## Stored items from a collection:

::::::

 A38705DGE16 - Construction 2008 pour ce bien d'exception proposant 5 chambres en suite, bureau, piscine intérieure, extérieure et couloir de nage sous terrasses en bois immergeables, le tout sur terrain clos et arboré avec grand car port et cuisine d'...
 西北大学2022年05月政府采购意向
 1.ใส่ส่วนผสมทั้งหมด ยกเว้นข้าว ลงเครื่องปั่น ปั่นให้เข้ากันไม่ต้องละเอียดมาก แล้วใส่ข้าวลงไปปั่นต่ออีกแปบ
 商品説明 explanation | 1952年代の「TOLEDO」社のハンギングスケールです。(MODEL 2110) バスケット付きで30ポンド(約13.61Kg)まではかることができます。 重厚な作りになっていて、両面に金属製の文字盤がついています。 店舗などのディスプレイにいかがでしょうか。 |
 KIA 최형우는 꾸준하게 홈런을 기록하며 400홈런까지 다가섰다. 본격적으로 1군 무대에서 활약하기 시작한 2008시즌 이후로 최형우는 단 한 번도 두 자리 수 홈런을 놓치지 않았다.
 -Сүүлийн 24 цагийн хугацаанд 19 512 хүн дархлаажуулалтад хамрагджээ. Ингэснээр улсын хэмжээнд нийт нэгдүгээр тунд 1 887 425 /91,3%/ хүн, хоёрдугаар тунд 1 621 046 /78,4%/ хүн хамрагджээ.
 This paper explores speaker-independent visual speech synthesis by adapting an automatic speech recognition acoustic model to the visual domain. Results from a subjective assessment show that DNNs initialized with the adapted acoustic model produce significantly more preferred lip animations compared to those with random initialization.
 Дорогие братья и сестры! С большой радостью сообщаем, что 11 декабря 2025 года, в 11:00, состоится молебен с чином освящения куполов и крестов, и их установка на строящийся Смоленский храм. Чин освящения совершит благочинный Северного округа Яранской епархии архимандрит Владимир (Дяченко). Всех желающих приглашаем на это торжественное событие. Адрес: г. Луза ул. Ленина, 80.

::::::

## TASK INSTRUCTIONS:
Print out the complete data above, character for character.

## RESULT OF THIS TASK:
 A38705DGE16 - Construction 2008 pour ce bien d'exception proposant 5 chambres en suite, bureau, piscine intérieure, extérieure et couloir de nage sous terrasses en bois immergeables, le tout sur terrain clos et arboré avec grand car port et cuisine d'...
 西北大学2022年05月政府采购意向
 1.ใส่ส่วนผสมทั้งหมด ยกเว้นข้าว ลงเครื่องปั่น ปั่นให้เข้ากันไม่ต้องละเอียดมาก แล้วใส่ข้าวลงไปปั่นต่ออีกแปบ
 商品説明 explanation | 1952年代の「TOLEDO」社のハンギングスケールです。(MODEL 2110) バスケット付きで30ポンド(約13.61Kg)まではかることができます。 重厚な作りになっていて、両面に金属製の文字盤がついています。 店舗などのディスプレイにいかがでしょうか。 |
 KIA 최형우는 꾸준하게 홈런을 기록하며 400홈런까지 다가섰다. 본격적으로 1군 무대에서 활약하기 시작한 2008시즌 이후로 최형우는 단 한 번도 두 자리 수 홈런을 놓치지 않았다.
 -Сүүлийн 24 цагийн хугацаанд 19 512 хүн дархлаажуулалтад хамрагджээ. Ингэснээр улсын хэмжээнд нийт нэгдүгээр тунд 1 887 425 /91,3%/ хүн, хоёрдугаар тунд 1 621 046 /78,4%/ хүн хамрагджээ.
 This paper explores speaker-independent visual speech synthesis by adapting an automatic speech recognition acoustic model to the visual domain. Results from a subjective assessment show that DNNs initialized with the adapted acoustic model produce significantly more preferred lip animations compared to those with random initialization.
 Дорогие братья и сестры! С большой радостью сообщаем, что 11 декабря 2025 года, в 11:00, состоится молебен с чином освящения куполов и крестов, и их установка на строящийся Смоленский храм. Чин освящения совершит благочинный Северного округа Яранской епархии архимандрит Владимир (Дяченко). Всех желающих приглашаем на это торжественное событие. Адрес: г. Луза ул. Ленина, 80.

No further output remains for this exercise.